I need a small dilate over time effect to avoid a jarring transition on the tip of a nose. It works fine in the editor, but the rendering does not include the dilate effect.
The first two images are what the two transition frames look like in the editor. They show the correct first two images of the transition. The second two images are what the two transition frames look like in the render. They show a jarring transition where the nose goes from dark to light in one frame.
My render settings are: Format: MAGIX HEVC/AAC MP4 Templates: Internet HD 1080p 59.94 fps (NVENC)
In Project Properties/Video (tab), what setting is "Full resolution rendering quality? Your Preview window is set at Good (auto) so the rendering quality setting should be set at Good or even Best.
Though it would be expected that the render (depending on the render settings used for the chosen render format) should show what you see in the preview, the feathering setting in Mocha Pro's Video Event FX window does seem rather high at 21.77 especially for HD though of course this depends on the size of the area tracked in Mocha Pro. Even with 4K media, I would rarely go above a feather of 10 but usually less.

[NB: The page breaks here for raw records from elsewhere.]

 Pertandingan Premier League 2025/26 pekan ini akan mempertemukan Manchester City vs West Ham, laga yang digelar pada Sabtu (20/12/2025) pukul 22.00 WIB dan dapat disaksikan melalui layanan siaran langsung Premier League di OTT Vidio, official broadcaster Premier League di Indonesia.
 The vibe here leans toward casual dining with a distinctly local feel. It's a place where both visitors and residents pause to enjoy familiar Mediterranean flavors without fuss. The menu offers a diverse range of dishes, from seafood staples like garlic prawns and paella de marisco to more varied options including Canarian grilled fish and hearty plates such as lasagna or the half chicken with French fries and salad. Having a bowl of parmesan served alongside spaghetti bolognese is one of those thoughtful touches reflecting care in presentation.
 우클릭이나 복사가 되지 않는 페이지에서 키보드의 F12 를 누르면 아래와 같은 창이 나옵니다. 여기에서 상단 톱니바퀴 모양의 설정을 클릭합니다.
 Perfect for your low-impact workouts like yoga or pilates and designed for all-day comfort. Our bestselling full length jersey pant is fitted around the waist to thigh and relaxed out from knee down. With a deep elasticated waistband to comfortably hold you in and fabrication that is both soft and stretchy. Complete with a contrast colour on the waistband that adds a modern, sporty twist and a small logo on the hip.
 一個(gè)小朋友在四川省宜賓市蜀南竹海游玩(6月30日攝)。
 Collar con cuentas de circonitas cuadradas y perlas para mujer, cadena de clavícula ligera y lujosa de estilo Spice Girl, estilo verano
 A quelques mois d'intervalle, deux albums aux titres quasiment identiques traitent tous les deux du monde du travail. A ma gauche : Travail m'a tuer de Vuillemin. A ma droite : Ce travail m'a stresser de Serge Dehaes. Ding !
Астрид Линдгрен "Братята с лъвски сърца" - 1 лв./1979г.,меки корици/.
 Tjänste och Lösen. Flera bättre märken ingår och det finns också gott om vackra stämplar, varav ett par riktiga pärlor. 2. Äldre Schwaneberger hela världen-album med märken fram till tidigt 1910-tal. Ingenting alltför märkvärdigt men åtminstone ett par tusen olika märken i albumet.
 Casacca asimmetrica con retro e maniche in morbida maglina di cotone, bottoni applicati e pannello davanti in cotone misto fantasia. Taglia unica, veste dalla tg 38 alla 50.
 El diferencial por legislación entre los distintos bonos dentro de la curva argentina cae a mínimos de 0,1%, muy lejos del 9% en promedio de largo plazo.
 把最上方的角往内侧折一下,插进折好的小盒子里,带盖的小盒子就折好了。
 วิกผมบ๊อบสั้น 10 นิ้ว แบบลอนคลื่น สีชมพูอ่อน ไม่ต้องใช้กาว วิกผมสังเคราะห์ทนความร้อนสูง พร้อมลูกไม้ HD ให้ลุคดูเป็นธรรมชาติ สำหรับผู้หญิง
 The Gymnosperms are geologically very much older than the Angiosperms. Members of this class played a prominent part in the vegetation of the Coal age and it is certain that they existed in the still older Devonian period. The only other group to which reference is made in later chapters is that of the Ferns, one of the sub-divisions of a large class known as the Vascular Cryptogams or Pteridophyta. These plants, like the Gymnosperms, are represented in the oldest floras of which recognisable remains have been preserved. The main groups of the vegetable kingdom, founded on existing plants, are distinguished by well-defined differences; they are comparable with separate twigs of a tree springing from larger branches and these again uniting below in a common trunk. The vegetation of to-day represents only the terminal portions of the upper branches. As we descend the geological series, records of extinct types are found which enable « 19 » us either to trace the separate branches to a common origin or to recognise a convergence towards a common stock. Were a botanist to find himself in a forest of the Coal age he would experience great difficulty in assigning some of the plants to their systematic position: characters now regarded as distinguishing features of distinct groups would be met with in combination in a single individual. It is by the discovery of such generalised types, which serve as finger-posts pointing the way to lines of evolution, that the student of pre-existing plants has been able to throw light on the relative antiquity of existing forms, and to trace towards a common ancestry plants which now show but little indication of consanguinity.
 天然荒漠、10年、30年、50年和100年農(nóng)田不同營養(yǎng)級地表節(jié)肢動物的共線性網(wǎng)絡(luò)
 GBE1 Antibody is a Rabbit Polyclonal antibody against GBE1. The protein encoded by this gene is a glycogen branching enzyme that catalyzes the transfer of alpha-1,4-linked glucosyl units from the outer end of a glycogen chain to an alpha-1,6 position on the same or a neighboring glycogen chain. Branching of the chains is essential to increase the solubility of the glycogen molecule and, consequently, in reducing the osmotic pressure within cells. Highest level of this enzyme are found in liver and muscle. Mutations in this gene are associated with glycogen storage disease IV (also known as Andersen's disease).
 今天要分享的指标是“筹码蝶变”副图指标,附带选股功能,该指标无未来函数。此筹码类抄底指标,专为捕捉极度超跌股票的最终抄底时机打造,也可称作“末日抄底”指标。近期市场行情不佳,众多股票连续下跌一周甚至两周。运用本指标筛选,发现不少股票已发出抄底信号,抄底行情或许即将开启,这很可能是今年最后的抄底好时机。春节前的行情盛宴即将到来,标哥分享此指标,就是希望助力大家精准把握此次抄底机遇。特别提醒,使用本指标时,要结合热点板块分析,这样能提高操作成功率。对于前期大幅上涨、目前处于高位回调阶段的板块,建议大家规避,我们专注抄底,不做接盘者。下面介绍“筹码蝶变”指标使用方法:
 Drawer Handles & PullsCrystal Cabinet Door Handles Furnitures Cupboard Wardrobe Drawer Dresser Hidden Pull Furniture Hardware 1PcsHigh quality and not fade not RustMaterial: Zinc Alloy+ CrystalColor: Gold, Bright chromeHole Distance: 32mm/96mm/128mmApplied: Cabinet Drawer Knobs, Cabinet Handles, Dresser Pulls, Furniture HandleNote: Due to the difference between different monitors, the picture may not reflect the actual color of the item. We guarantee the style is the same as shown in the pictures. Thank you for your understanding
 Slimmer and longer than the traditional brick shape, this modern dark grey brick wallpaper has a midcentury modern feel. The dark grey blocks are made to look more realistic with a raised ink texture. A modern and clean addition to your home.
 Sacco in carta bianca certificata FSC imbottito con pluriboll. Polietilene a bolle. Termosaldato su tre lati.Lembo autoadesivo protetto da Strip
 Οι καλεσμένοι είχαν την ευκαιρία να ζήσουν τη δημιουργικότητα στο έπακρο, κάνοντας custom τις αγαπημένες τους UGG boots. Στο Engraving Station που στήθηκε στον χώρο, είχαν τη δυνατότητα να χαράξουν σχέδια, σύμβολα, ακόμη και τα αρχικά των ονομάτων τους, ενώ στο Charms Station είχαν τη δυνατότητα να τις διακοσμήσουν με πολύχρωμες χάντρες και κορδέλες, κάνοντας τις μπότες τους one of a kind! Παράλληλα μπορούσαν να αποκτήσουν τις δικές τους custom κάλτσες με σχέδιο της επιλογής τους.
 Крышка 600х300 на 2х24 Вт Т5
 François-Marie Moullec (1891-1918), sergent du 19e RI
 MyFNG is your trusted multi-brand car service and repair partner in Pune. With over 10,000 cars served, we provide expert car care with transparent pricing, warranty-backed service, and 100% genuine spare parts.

Another possibility - make sure that no pan/crop has been applied to the video event prior to using Mocha Pro. If pan/crop is needed, I use Mocha Pro in the default video event, render it and then apply pan/crop on the timeline to the rendered video event.
In Project Properties/Video (tab), what setting is "Full resolution rendering quality? Your Preview window is set at Good (auto) so the rendering quality setting should be set at Good or even Best.
Though it would be expected that the render (depending on the render settings used for the chosen render format) should show what you see in the preview, the feathering setting in Mocha Pro's Video Event FX window does seem rather high at 21.77 especially for HD though of course this depends on the size of the area tracked in Mocha Pro. Even with 4K media, I would rarely go above a feather of 10 but usually less.
Another possibility - make sure that no pan/crop has been applied to the video event prior to using Mocha Pro. If pan/crop is needed, I use Mocha Pro in the default video event, render it and then apply pan/crop on the timeline to the rendered video event.
I played with it a bit and tried your suggestions. At first it didn't seem to work. But then I rendered the MINIMUM possible prerender. Like a second of playback, and it rendered. Then I rendered the whole clip, and it also rendered. I don't know what happened or what I did, but for some reason it works now.
I appreciate your input, but just for reference I don't think these were the things that fixed it. I think the small "test" render did something. I don't know.